## Extracted entries

• • •

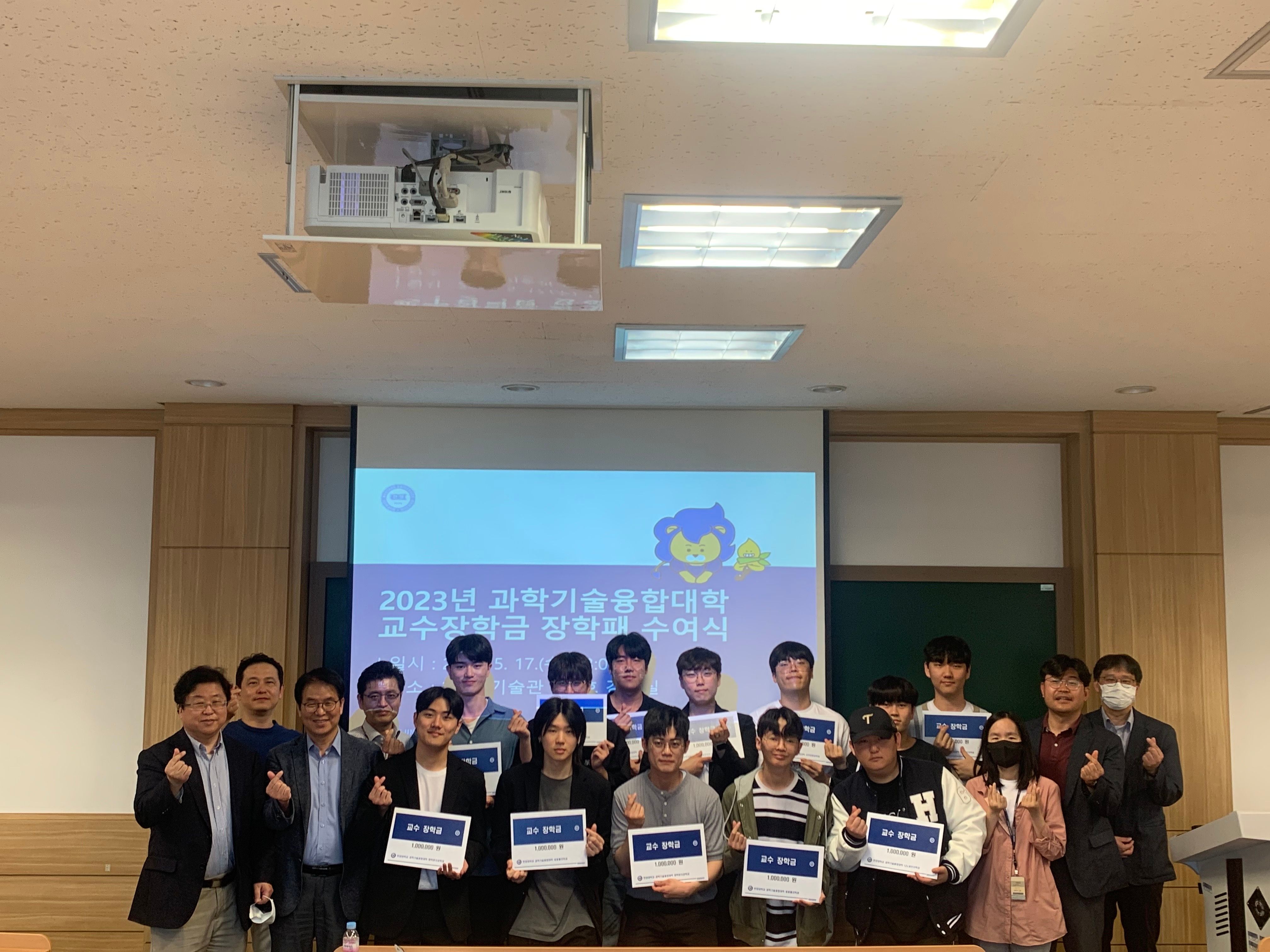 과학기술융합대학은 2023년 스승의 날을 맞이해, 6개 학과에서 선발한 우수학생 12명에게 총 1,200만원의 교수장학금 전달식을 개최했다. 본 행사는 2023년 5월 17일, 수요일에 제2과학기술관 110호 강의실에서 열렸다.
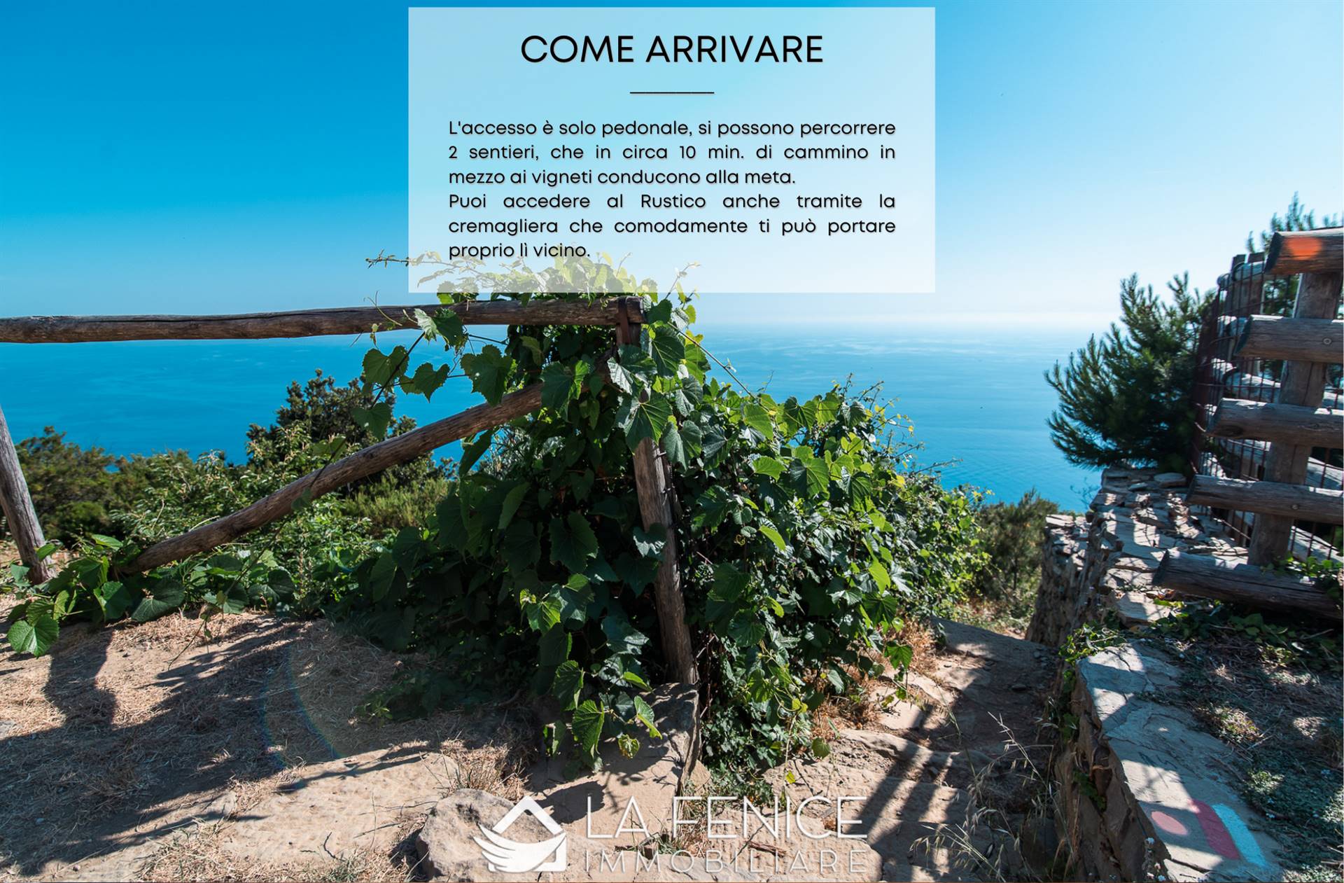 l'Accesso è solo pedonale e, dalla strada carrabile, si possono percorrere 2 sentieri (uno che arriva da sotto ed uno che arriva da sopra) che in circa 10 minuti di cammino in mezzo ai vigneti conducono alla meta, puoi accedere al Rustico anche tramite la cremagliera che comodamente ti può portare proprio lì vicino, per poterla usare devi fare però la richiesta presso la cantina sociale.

• • •

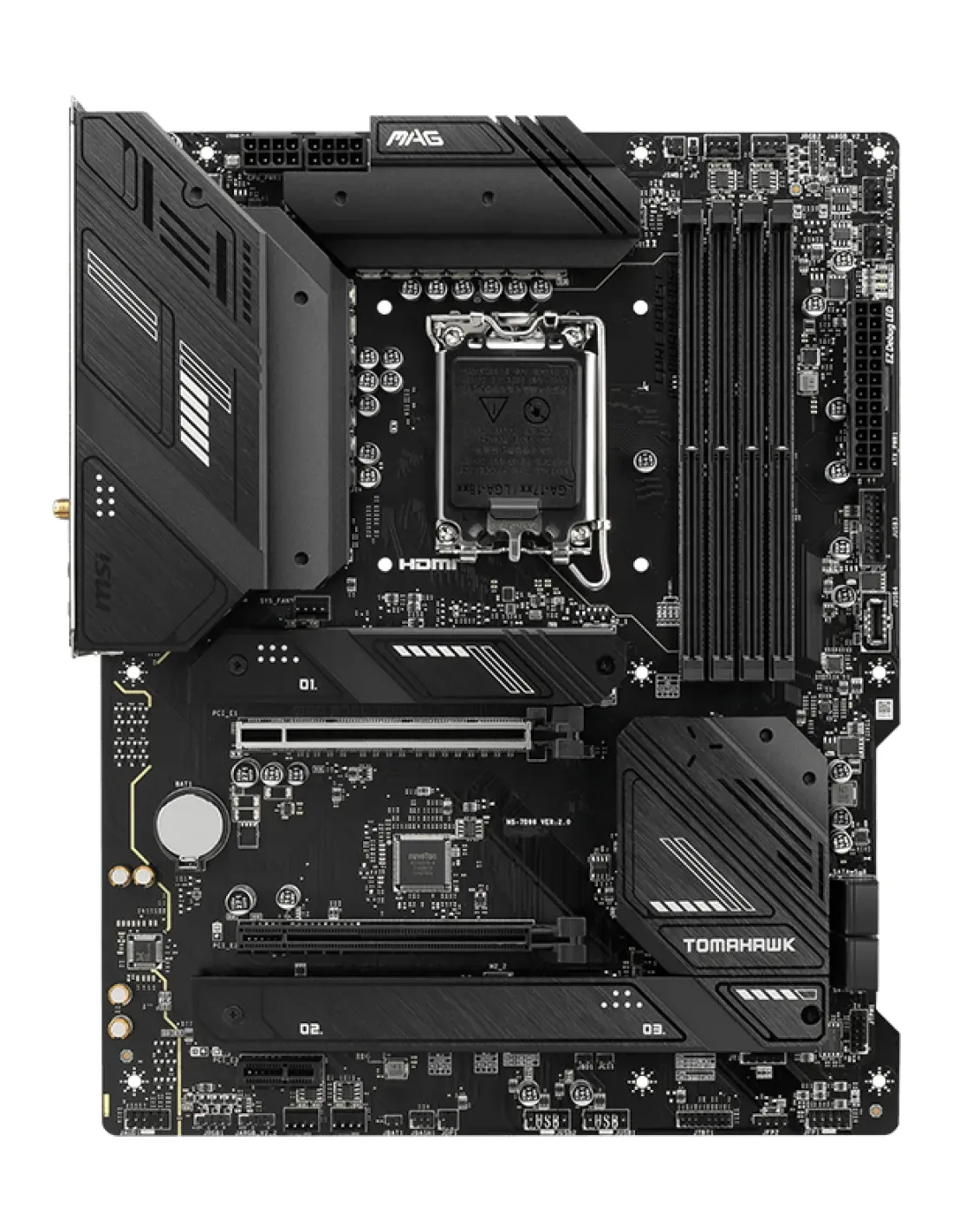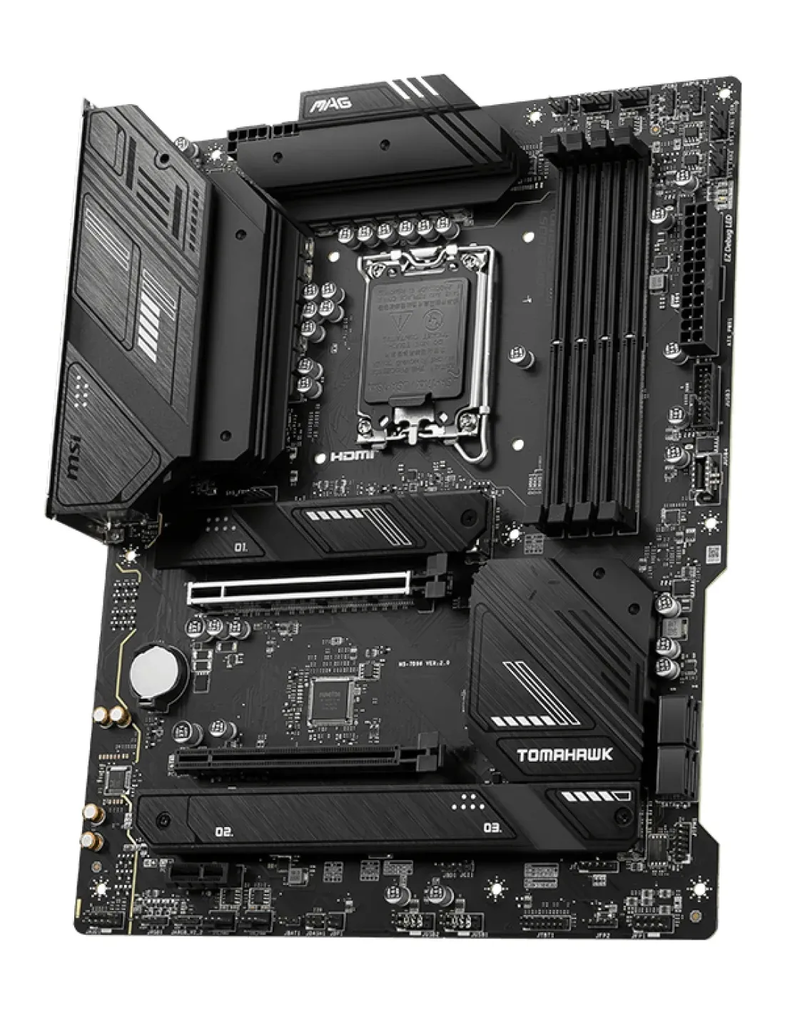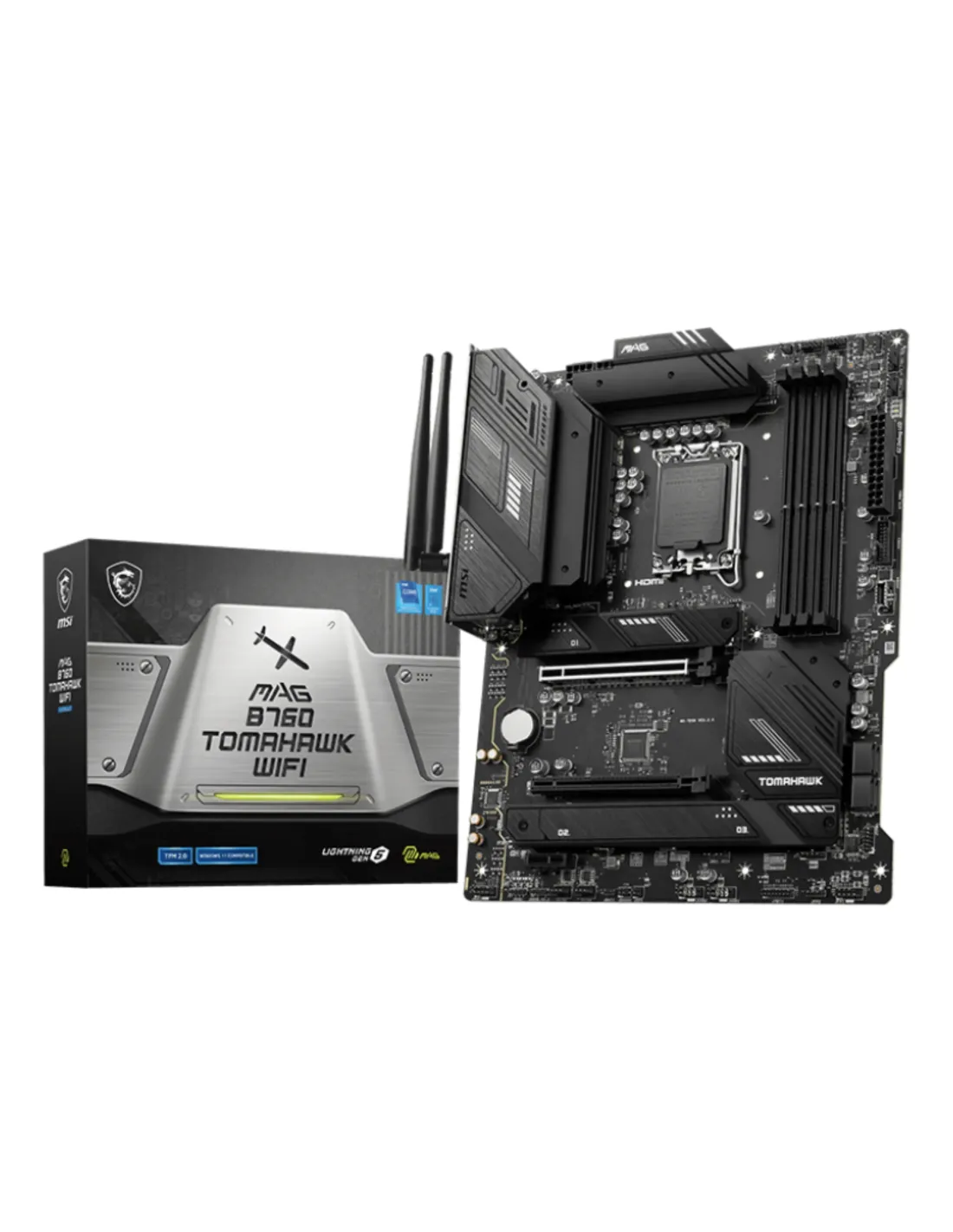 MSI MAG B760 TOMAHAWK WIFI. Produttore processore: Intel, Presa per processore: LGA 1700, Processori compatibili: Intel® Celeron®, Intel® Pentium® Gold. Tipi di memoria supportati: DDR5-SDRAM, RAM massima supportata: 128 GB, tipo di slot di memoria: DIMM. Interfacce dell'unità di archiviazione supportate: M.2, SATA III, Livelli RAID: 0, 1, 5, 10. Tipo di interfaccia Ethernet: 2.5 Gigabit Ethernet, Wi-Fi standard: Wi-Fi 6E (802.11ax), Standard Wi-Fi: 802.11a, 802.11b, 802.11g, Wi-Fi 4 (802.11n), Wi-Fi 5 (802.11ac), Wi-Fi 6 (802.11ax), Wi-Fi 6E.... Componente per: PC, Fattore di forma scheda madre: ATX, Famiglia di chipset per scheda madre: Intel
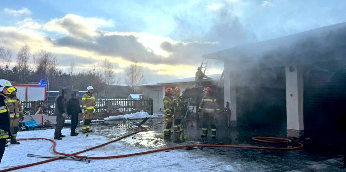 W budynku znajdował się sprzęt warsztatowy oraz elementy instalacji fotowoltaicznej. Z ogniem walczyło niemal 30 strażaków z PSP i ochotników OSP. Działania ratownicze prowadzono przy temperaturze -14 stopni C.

• • •

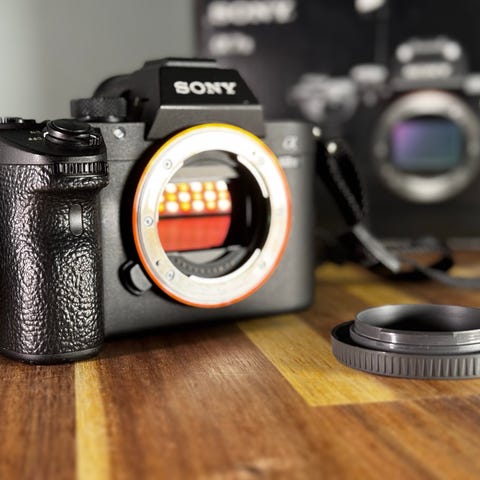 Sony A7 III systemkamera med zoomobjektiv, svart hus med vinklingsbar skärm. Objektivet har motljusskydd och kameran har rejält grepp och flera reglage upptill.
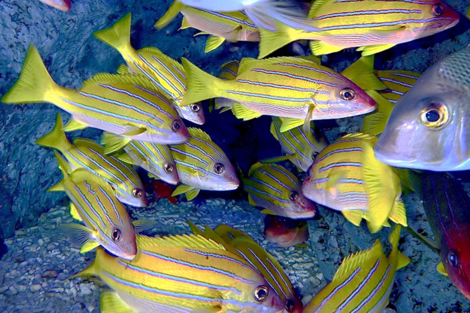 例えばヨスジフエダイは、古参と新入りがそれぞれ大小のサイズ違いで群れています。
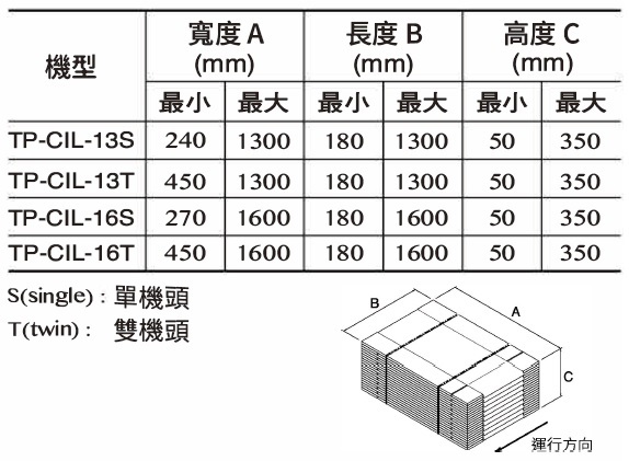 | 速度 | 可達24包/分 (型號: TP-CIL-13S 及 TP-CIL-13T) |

• • •

## What you will do
Print an exact copy of the lines above, from the one containing "Sony A7 III" through the one containing "及 TP-CIL-13T) |", and leave out the pictures.

## Problem solution
 Sony A7 III systemkamera med zoomobjektiv, svart hus med vinklingsbar skärm. Objektivet har motljusskydd och kameran har rejält grepp och flera reglage upptill.
 例えばヨスジフエダイは、古参と新入りがそれぞれ大小のサイズ違いで群れています。
 | 速度 | 可達24包/分 (型號: TP-CIL-13S 及 TP-CIL-13T) |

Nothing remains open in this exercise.